Autism-linked DNA deletion slows brain response to sound

Children missing a stretch of chromosome 16 known as 16p11.2 process sound a split second slower than typical children do. The findings suggest that genes encoded in the 16p11.2 region may underlie the hearing delay seen in some people with autism.

By Nicholette Zeliadt
16 March 2015 | 5 min read
This article is more than five years old.
Neuroscience—and science in general—is constantly evolving, so older articles may contain information or theories that have been reevaluated since their original publication date.

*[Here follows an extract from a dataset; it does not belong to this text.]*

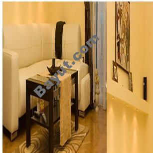
Ajman Villas Drawing Room

Sounding off: Measurements of the brain’s response to sound can distinguish between children with different 16p11.2 variants.

Some children with autism process sound a split second slower than typical children do. This sensory quirk has sparked a theory that language impairments associated with autism stem from a subtle delay in hearing, and may even represent a biomarker for the disorder that can aid diagnosis. But researchers have struggled to explain why this delay occurs and whether it contributes to any autism symptoms.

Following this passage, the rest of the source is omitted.